Черты – целая и прерванная – символизируют универсальные вселенские начала, противостоящие друг другу противоположности Ян и Инь, гармония которых порождает все изменения (перемены) и следовательно, все вещи и явления мира. Ян – светлое мужское начало: восход солнца, небо, солнце, день, жара, твердость, сила и т.д. Инь – темное женское начало: заход солнца, земля, луна, ночь, холод, мягкость, слабость и т.д. Эта бинарная система – плод многовекового опыта изучения мира, богатого в своем красочном проявлении. Если обратиться к словам Гёте о красках как действиях и страданиях света, то можно понять «Книгу Перемен» «как эпопею взаимодействия света и тьмы».[29] Та же идея выражена в подражающей «И цзин» «Книге Великой Тайны» Ян Сюна:

Ночь… ее разгадаю, как Тьму;

День… его разгадаю, как Свет.

Разгадка дней и ночей –

То в зле, то в добре. [30]

 

Фуси с триграммами. Художник династии Цин[31]

 

Первоначальные графические символы «И цзин» состояли из 3-х черт, что обозначало отношения неба, земли и человека. Располагаясь в определенном порядке, они составляли 8 триграмм (гуа), которые впервые начертал легендарный правитель Фу Си, «передав добродетель божеств, сравнив характер всех сущих вещей»[32]:

 

      Цянь – творчество, крепость, небо, отец;

     Кунь – исполнение, самоотдача, земля, мать;

     Чжэнь – возбуждение, подвижность, гром, 1-й сын;

      Кань – погружение, опасность, вода, 2-й сын;

         Гэнь – пребывание, незыблемость, гора, 3-й сын;

      Сюнь – утонченность, проникновенность, ветер (дерево), 1-я дочь;

         Ли – сцепление, ясность, огонь, 2-я дочь;

      Дуй – разрешение, радость, водоем, 3-я дочь.

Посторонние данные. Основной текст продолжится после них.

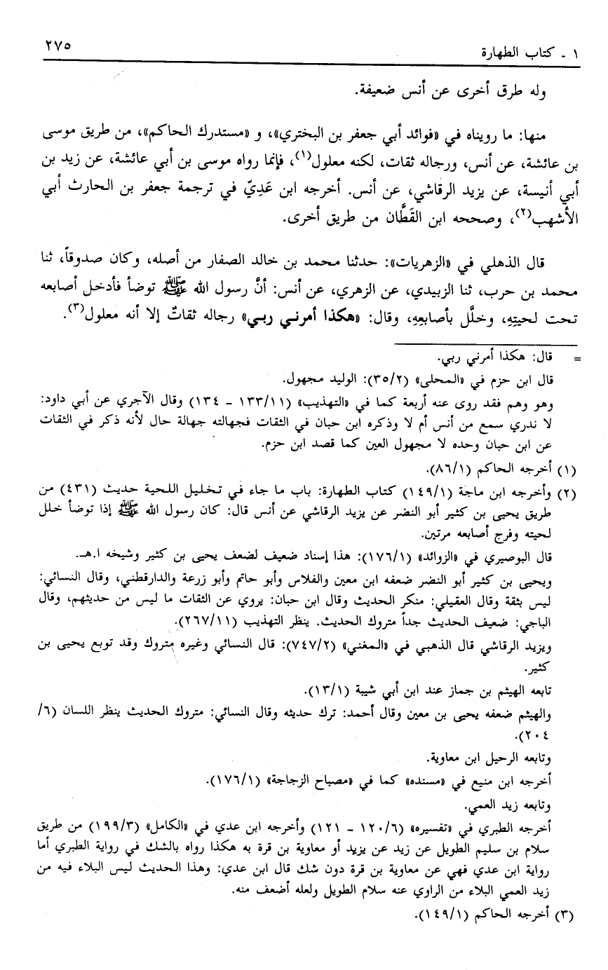 قال الذهلي فِي الزَّهْرِيَّاتِ: حَدَّثَنَا مُحَمَّدُ بْنُ خَالِدٍ الصَّفَّارُ مِنْ أَصْلِهِ وَكَانَ صَدُوقًا ثَنَا مُحَمَّدُ بْنُ حَرْبٍ ثَنَا الزُّبَيْدِيُّ عَنْ الزُّهْرِيِّ عَنْ أَنَسٍ أَنَّ رَسُولَ اللَّهِ صَلَّى اللَّهُ عَلَيْهِ وَسَلَّمَ تَوَضَّأَ فَأَدْخَلَ أَصَابِعَهُ تَحْتَ لِحْيَتِهِ وَخَلَّلَ بِأَصَابِعِهِ وَقَالَ: "هَكَذَا أَمَرَنِي رَبِّي" رِجَالُهُ ثِقَاتٌ إلَّا أَنَّهُ مَعْلُول3.

Эти 8 триграмм путем «удвоения рядов» превратились в 64 гексаграммы, характеризующие сложные изменения, которые позволяют предсказывать любые возможные отношения. Поэтому «И цзин» - еще и известная «Книга гаданий». Происхождение канонической части «И цзин» связано с важнейшими видами гадательной практики – на панцире черепахи, костях крупного рогатого скота и на стеблях тысячелистника. В комментирующей части, приписываемой Конфуцию, система «И цзин» трактуется как учение о замкнутой, состоящей из 64-х основных ситуаций, структуре постоянно и циклически изменяющегося мира.

Символизм каждой из 64-х гексаграмм (как и предыдущих триграмм) содержит в себе несколько уровней, имеющих онтологическую, философско-эстетическую, нравственно-психологическую и социальную значимость. Каждая черта гексаграммы, которая пишется снизу вверх, обозначает этапы развития той или иной ситуации. При этом считается, что нижняя триграмма относится к внутренней жизни и к наступающему, а верхняя – к внешнему миру и отступающему, разрушающемуся. Вот некоторые примеры интерпретаций отдельных черт 2-й и 3-й гексаграмм:

К 1-й черте гексаграммы №2  «Кунь» (земля, исполнение): «Если наступишь на иней, значит, близок и крепкий лед».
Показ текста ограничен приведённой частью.